Evoke Pharma, Inc. (NASDAQ: EVOK) has commenced the commercial manufacturing of Gimoti™ (metoclopramide) nasal spray with manufacturing partner Patheon. Approved by the FDA on June 19, 2020, Gimoti is intended for adults suffering from diabetic gastroparesis. The company plans to launch sales in Q4 2020 in collaboration with EVERSANA. CEO David Gonyer emphasized the acceleration of pre-commercialization activities, ensuring the timely completion of manufacturing ahead of the launch.
Evoke Pharma (NASDAQ: EVOK) reported approximately $8.0 million in cash as of June 30, 2020, sufficient to fund operations into Q2 2021. The company anticipates launching GIMOTI, the first nasal treatment for diabetic gastroparesis, in Q4 2020 through its partner EVERSANA. This partnership will help mitigate capital investment needs by leveraging EVERSANA's resources for commercialization. GIMOTI addresses a significant unmet need in the treatment of diabetic gastroparesis, which affects millions of patients. Forward-looking statements caution potential risks in achieving growth.
Evoke Pharma, Inc. has received FDA approval for GIMOTI (metoclopramide) nasal spray, the first treatment for acute and recurrent diabetic gastroparesis. This novel therapy promises to address significant patient needs by offering a non-oral option that improves symptom relief. Evoke plans to begin commercial sales in Q4 2020, aided by a $5 million line of credit from EVERSANA. With approximately $4.7 million in cash, the company expects to sustain operations into 2021, potentially enhancing its market position in the gastrointestinal treatment landscape.
Evoke Pharma (NASDAQ: EVOK) has received conditional FDA approval for its proprietary brand name, Gimoti, for a nasal spray targeting symptoms of acute and recurrent diabetic gastroparesis in adult women. The name was developed following FDA guidelines and aims to prevent medication errors. The nasal spray is designed to enhance drug absorption by bypassing the dysfunctional GI tract, which is crucial for patients suffering from this condition.

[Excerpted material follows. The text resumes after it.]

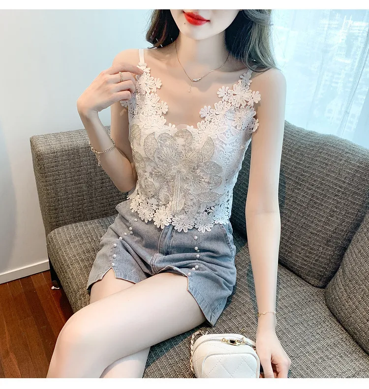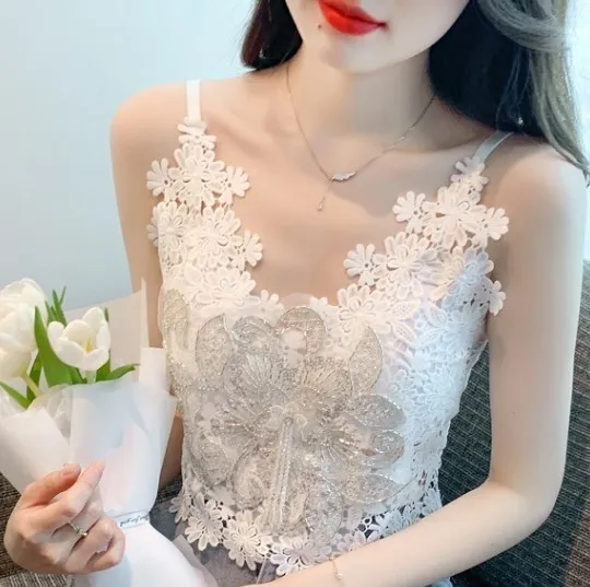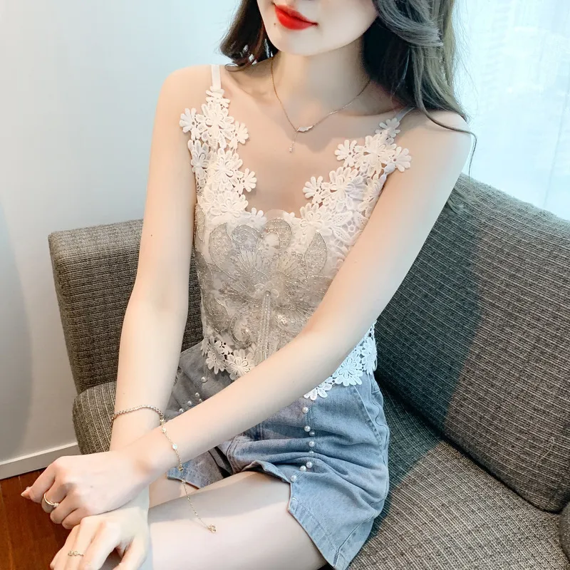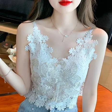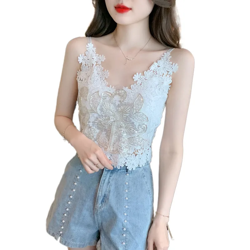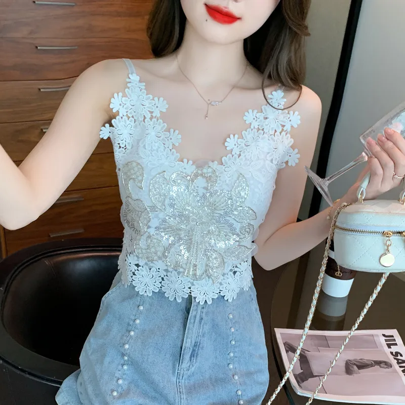 衣都精品- 2023新款亮片流蘇蕾絲內搭鏤空上衣

If approved, Gimoti could provide significant treatment options in a market where metoclopramide is currently available only in oral and injectable forms.
Evoke Pharma reported its first quarter 2020 financial results, revealing a net loss of approximately $1.8 million, or $0.07 per share, an improvement from a loss of $2.0 million, or $0.11 per share, in Q1 2019. R&D expenses decreased to $0.5 million, while general and administrative expenses rose slightly to $1.3 million. Cash and cash equivalents stood at around $4.1 million, expected to last until Q3 2020. The FDA's PDUFA date for Gimoti is June 19, 2020, which is crucial for advancing their commercialization strategy with Eversana Life Sciences.